There have been the usual cries of outrage. But it would not be right to blame the judge, Martin Steiger QC. He was only obeying orders, or rather the sentencing guidelines that apply to all judgments. The maximum tariff for GBH without intent, as in this case, is five years. And, as usual, the judge must take mitigating factors into account, and remorse is one.

Chrapkowski did express remorse in court — or at least it was expressed on his behalf. Katie Jones, his defence lawyer, said: “He is extremely remorseful and wishes to apologise to the court. It is extremely out of character.” Presumably she meant that his violence was out of character but it became apparent all too soon that remorse was extremely out of character in his case. At least, he didn’t feel it for very long. In short, he fooled the judge.

There is something very wrong with a not GBH mitigating factor (especially in such a serious crime) that is so exceptionally easy to abuse: remorse is a good way to pass jail and return to Go, and for that reason it is a card that is played in the courts every day, by cheats as well as by the honest. Not only can a judge be fooled, like anyone else, but the system seems to conspire in this folly. A defendant’s barrister might easily be tempted to suggest to her client — if he doesn’t already know — that cries of remorse will do him a lot of good in court.

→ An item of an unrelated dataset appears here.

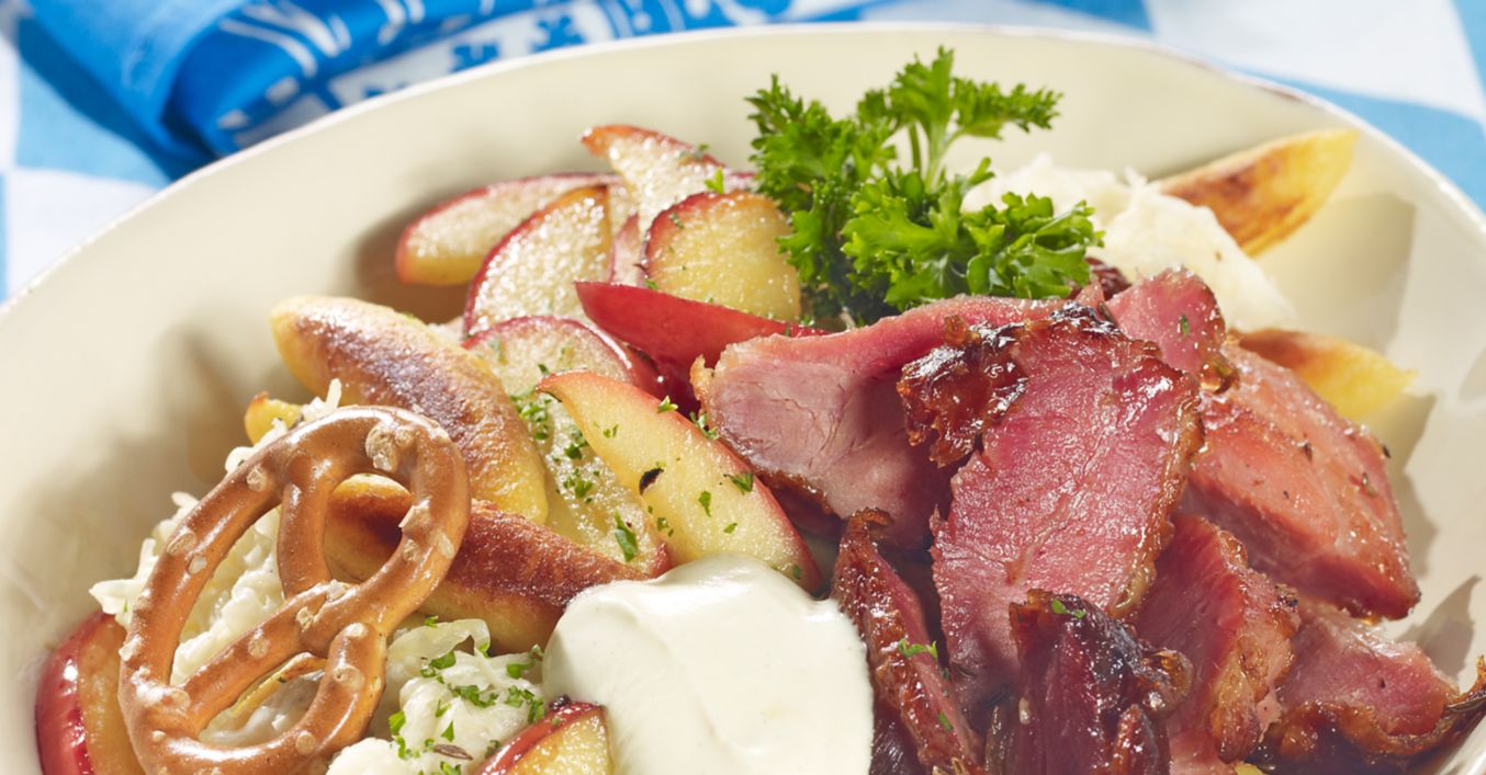 Oktoberfesthaxe mit Schupfnudel-Sauerkrautpfanne und Senfdip
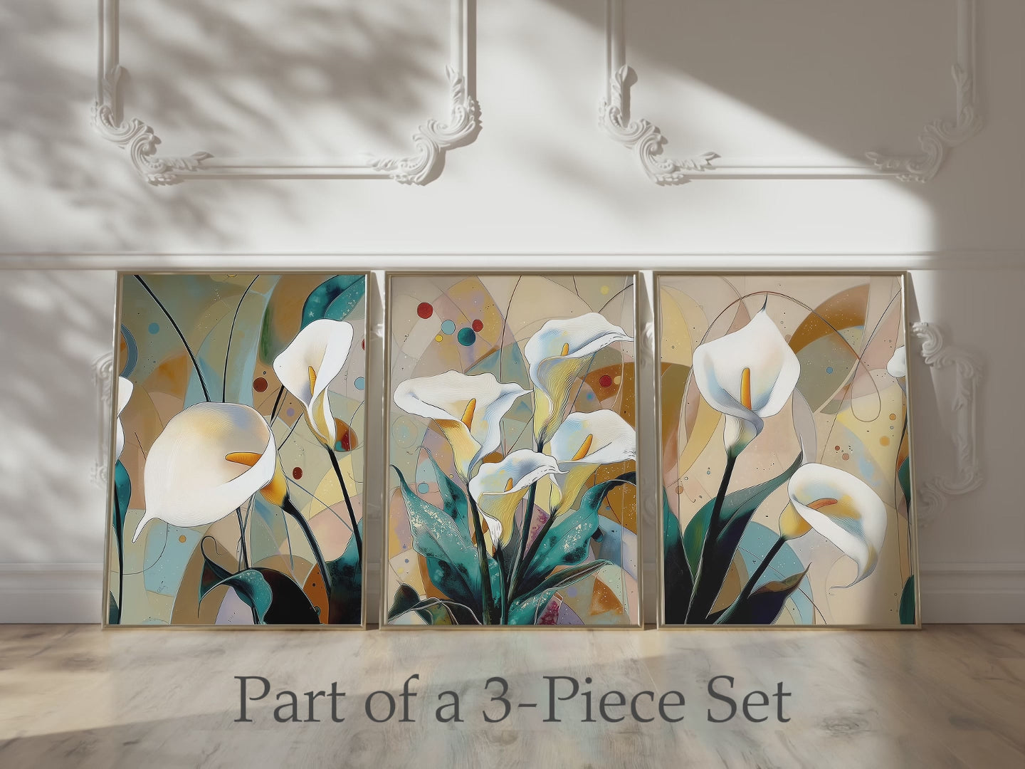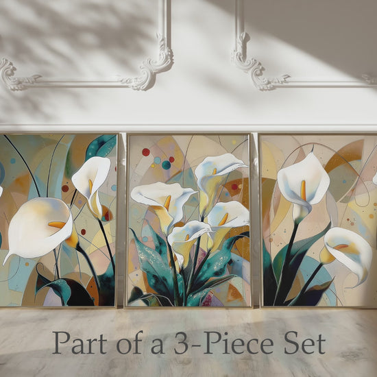 This modern calla lily artwork highlights elegant white flowers in a flowing, contemporary composition. Perfect for living rooms or bedrooms, it adds a refined floral accent with a calm, modern feel.

I heard from a legal expert recently that there’s a sort of code in court to enable fastidious barristers to enlighten the judge: if a defence barrister expresses her client’s remorse in particular terms, it means she is conveying to the judge that she herself is sceptical about it.

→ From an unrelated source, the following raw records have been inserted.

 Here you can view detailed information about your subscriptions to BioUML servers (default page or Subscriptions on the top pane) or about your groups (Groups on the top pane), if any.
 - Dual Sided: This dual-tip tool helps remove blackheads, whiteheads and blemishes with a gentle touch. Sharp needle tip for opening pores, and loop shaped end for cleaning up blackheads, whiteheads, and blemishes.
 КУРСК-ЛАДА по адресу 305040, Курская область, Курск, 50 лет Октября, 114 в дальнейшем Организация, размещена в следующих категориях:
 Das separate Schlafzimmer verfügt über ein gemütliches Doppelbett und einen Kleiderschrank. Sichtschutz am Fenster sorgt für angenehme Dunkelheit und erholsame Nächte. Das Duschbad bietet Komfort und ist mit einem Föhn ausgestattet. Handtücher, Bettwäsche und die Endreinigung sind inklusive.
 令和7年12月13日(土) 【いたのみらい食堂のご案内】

Probation officers and social workers, who are generally opposed to prison sentences, may well give formal assurances to the courts of their clients’ remorse, even if they are doubtful of it.

Dr David Green, director of the Civitas think tank, is certainly sceptical about the claims of remorse in the courts. “If we accept that the primary duty of barristers is to justice, then I think the legal profession in recent times has lost its way, morally speaking,” he said.

“A lot of lawyers coach their clients in what to say to help them give plausibility to their pretended remorse … On questions of guilt and innocence generally, I suspect many lawyers do now sail very close to the wind in presenting their clients’ cases to the courts.”

If protestations of remorse are so prone to abuse, perhaps sentencing guidelines ought to be reconsidered yet again. Perhaps remorse ought not to be a mitigating factor in serious crimes of violence such as GBH, except in unusual situations where it is unmistakably present. At the very least there should be much heavier requirements of proof. But, more broadly, this miserable case brings up most of the usual questions that anger the public about sentencing and about villains not being sent to jail.

A maximum of five years — in effect 2Å — does not seem enough for beating a man half to death, and senselessly. In any case, the number of people convicted of serious, prison-worthy crimes who are now let off with suspended sentences has rocketed since Labour’s 2003 Criminal Justice Act came into force in 2005. It is getting bigger under the coalition. In 2005, of all such prison-worthy convictions, only 1.8% of convicts were given suspended sentences (5,610 people). In 2010 the figure was 9.8%, which means 34,176 serious offenders, some of them like Chrapkowski, were at large instead of in jail.

What the public knows is that the jails are full of the wrong people — the mentally ill, addicts, self-harmers, people of low intelligence and the illiterate. These people need quite different treatment. Yet what it sees is that dangerous people, who without any doubt ought to be in jail, are let loose.

Whatever it is, it doesn’t look like justice being done.